琵琶湖の湖西をある程度訪問先に決めた旅行・レジャー客は1日の行程や訪問先をどのようにWeb検索をするのか? その検索結果はどのようなものか? そこに情報があるのか? そこをよく見てみることが旅客との接点づくりの最大ヒントになるでしょう。
また、検索はブラウザ上の他、行動範囲をざっくりと示した縮尺で「マップ検索」を行うケースが増え、Googleマップへの対策はますます重要です。これは、私も関わる民間各社のアクセス解析結果でも明らかです。
もう一つ、この日、隣接する道の駅にはそこそこ賑わいがありました。道の駅とは隣接しているものの厳密には宿場町は視覚的に連動しているわけではなく、全ての道の駅訪問客に認識されているかどうかはわからないと感じました。

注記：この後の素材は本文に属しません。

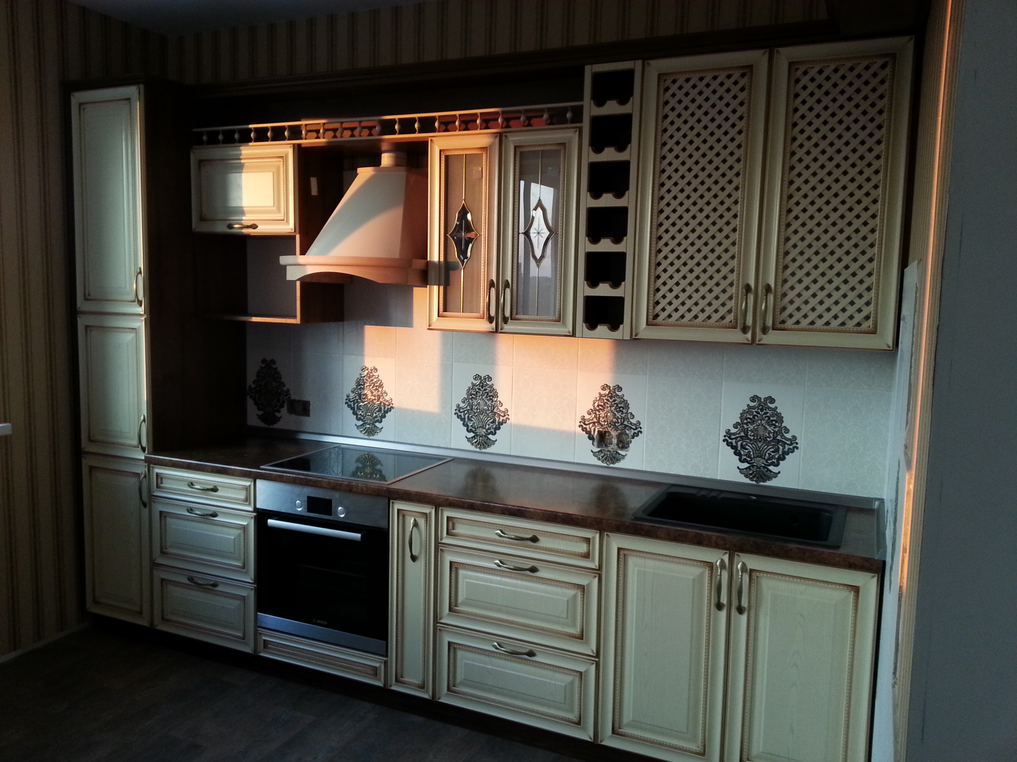 код 86675Светлые фасады с решетками и филенками в патине из рамочного МДФ. Столешница под дерево.
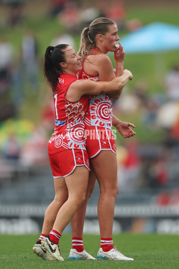 SYDNEY, AUSTRALIA - NOVEMBER 02: Bella R. Smith of the Swans celebrates kicking a goal with Brooke Lochland of the Swans during the round 10 AFLW match between Sydney Swans and West Coast Eagles at Henson Park, on November 02, 2024, in Sydney, Australia. (Photo by Mark Metcalfe/AFL Photos)

そういう意味では、やはり旅マエの情報提供を強化することが地方の観光では最も重要なことになるでしょう。宿場町のWebサイト(まだ新しいようです)は今後も運用の部分で改善できそうなポイントもありそうですし、Googleビジネスプロフィールや外部サイトへの露出など、今後検討できる施策も多いかもしれません。
最後に、こうした行政区がまたがった観光スポットはいくら魅力があっても、いくら車で20分ほどの目の前であっても行政区以外の情報発信を行いません。地方創生は単独ではなく連携、周遊が必要ですが(個々のコンテンツが成熟していないので)それが果たせないことが多いです。
従って民間の事業者や観光地の組合や保勝会などが周遊の一環として提案するような施策やWebコンテンツとしての発信をしていくことが大切だと各地の経験から感じます。
街並みや雰囲気、店舗や宿、寺社もいくつかある魅力がまだまだ感じられる熊川宿。マーケティング的には楽しみが非常に多く、より賑わいがつくれそうな観光スポットだと感じました。これからも沢山の方に足を運んで欲しいものですし私もまた美味しい鯖寿司を食べ、お土産を買いに行こうと思います。